Москва, г.р. 1952 - [9]

Шрифт
Интервал

После этого концерта вместо танков, самолетов и машин я долго рисовал совсем другой сюжет: концертный зал, сцена, оркестр, дирижер с развевающимися фалдами, пианист у открытого рояля…

МОИ ДЕТСКИЕ КНИГИ

Среди первых прочитанных мною книг было много детских книг моей мамы. Мамин отец не уезжал во время войны в эвакуацию, и благодаря этому обстоятельству в доме сохранилась почти вся библиотека. Как я сейчас понимаю, перешедшие ко мне мамины книги выполняли не только свою прямую функцию, обеспечивая меня добротным чтением, но и добавочную, чисто психологическую. Эти книги давали мне ощущение связи поколений, чувство прочности, стабильности существования, необходимые каждому ребенку.

Одна из перешедших ко мне маминых книг называлась «Бобкин день»; она была с крупными буквами и большими картинками. Повествование велось от лица собаки – щенка фокстерьера Бобки. Бобка сам рассказывал читателю о том, как он проводит свой день. Книжка была издана на красивой бежевой бумаге; она выглядела стильно (как я выразился бы теперь), хотя для ребенка несколько тускловато. Я помнил, что это был перевод с английского, но автора забыл. Взявшись за воспоминания, я выяснил, что «Бобкин день» написал Уолтер Эммануель, а иллюстрировал знаменитый график Сесил Олдин. Впервые изданная в 1904 году, она печатается в Англии до сих пор. Да и в России о ней недавно вспомнили и стали переиздавать «для старшего дошкольного возраста». Интересно, что название книжки в 1930-е годы подверглось цензуре: в оригинале она называлась «Один день из жизни собаки: ангел в вашем доме», но «ангела», разумеется, при переводе убрали.
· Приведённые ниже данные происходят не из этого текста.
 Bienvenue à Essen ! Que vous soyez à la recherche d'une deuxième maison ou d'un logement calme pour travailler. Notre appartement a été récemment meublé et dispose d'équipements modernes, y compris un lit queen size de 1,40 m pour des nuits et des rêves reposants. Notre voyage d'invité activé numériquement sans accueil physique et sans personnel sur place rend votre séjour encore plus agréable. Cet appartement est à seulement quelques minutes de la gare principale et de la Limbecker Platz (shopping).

В детстве мне нравились картинки с большим количеством деталей, такие, которые можно было долго рассматривать, в которых присутствовал развернутый сюжет. Мне кажется, это свойственно всем маленьким детям: им нравятся подробности. То, что обычно считается «детским стилем» – яркие первичные цвета, плоское и схематическое изображение, – по-моему, совершенно ложный стереотип. Ничто не могло сравниться с иллюстрациями Доре к «Гаргантюа и Пантагрюэлю», я мог рассматривать их бесконечно. В то же время иллюстрации Мавриной, которыми восторгались взрослые, не вызывали у меня особого интереса.
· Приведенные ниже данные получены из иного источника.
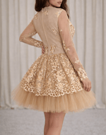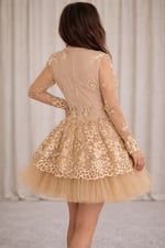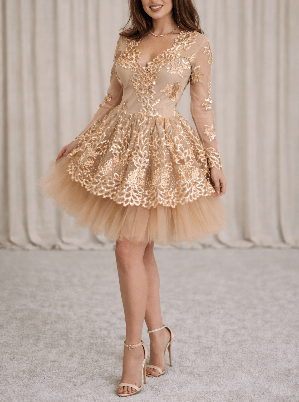 This dress features Gold Floral Sequin Lace on top of a Soft Tulle champagne Underskirt.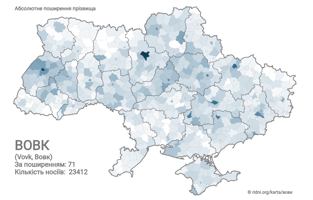 Прізвище Вовк налічує в Україні 23 412 носіїв. За поширенням посідає 71 місце. Найчастіше зустрічається на Наддніпрянщині. Поселення компактного проживання: Київ (1325), Львів (1018), Харків (475), Дніпро (455), Кривий Ріг (377). Найпопулярніші імена: Олександр, Тетяна.
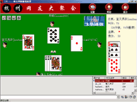 首先联入Internet后,由"联众世界大厅"选择牌类游戏中的三打一,登录后进入游戏室,然后可自由选择对手,四人方坐下并选择"开始"后就可以开始打牌。也可以在其他牌桌观看,只要用鼠标单击正在打牌中的人物图像即可。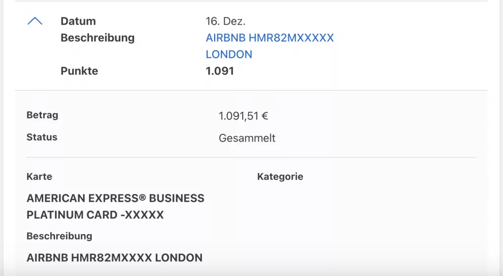 Hier siehst du, wie die Punkte bei Amex gutgeschrieben wurden: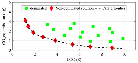 The minimization of the CO2-eq emissions and the life-cycle costs is the target in this paper. Residential buildings are assumed to be studied herein. Indeed, the considered objectives are conflicting. High-energy-efficiency materials may have less environmental benefit than low-energy-efficiency ones, while the cost of materials that benefits the environment is often more than the same customary materials. Consequently, a multiple-objective optimization (MOO) [32] technique is required. A Pareto frontier is required to help the decision maker to quickly evaluate the balance between the two objectives. A Pareto optimum is a solution to the MOO problem that lowers an objective with no simultaneous effect on the other objective. The Pareto frontier is the plot of the objective function in which its non-dominated vectors are in the Pareto optimum set that is non-dominated. A Pareto frontier [33] whose objectives are LCC and carbon dioxide emissions is depicted in Figure 3 as an example.

Еще одна мамина детская книга называлась «Природа в комнате». Точнее, это была книга еще маминого папы, моего дедушки, который был премирован ею в четвертом классе своей воронежской гимназии – за отличную учебу и примерное поведение. Это был перевод популярной немецкой книги, построенной как рассказ о любознательных детях, задающих вопросы своему умному папе. Дети спрашивали, а папа увлекательно им объяснял, почему зимой запотевают стекла, как устроены снежинки, почему растениям нужен свет, то есть рассказывал им основы того, что в школе называлось тоскливым словом «природоведение». Насколько я сейчас могу судить, в этой немецкой книжке было удивительно мало ошибок с точки зрения современной науки. Кроме того, это был шедевр переплетного дела: твердая коленкоровая обложка цвета морской волны, узорное тиснение черным и золотом, мраморный обрез.

Вообще в доме было немало книг в старой орфографии, и у меня, как ни странно, не возникало вопросов по этому поводу. Хотя я даже не знал названий исчезнувших букв, я без труда мог читать дореволюционные издания. Пушкина, например, я читал в роскошном шеститомном издании Брокгауза и Ефрона. Последний том у нас был без переплета. Как рассказали мне родители, этот том выпускался в 1917 году, и из-за революции часть тиража вышла в таком виде.

Одна старая книга, найденная мною в углу шкафа, казалась особенно загадочной. Написал ее неизвестный мне тогда французский писатель Барбе д\'Оревильи, называлась она «Дендизм и Джордж Бреммель». Некоторые истории из жизни Бреммеля я нашел забавными, другие были чересчур эксцентричными и непонятными. Но, главное, я не мог понять, выдумка ли Бреммель или реальный исторический персонаж. В конце концов я решил, что Бреммель – все-таки фигура вымышленная (среди тех, кого я знал, такие не встречались), но на всякий случай спросил у родителей. Ни мама, ни папа мне толком ничего объяснить не могли, и я быстро понял, почему: часть книги была с неразрезанными страницами, то есть они ее никогда не читали.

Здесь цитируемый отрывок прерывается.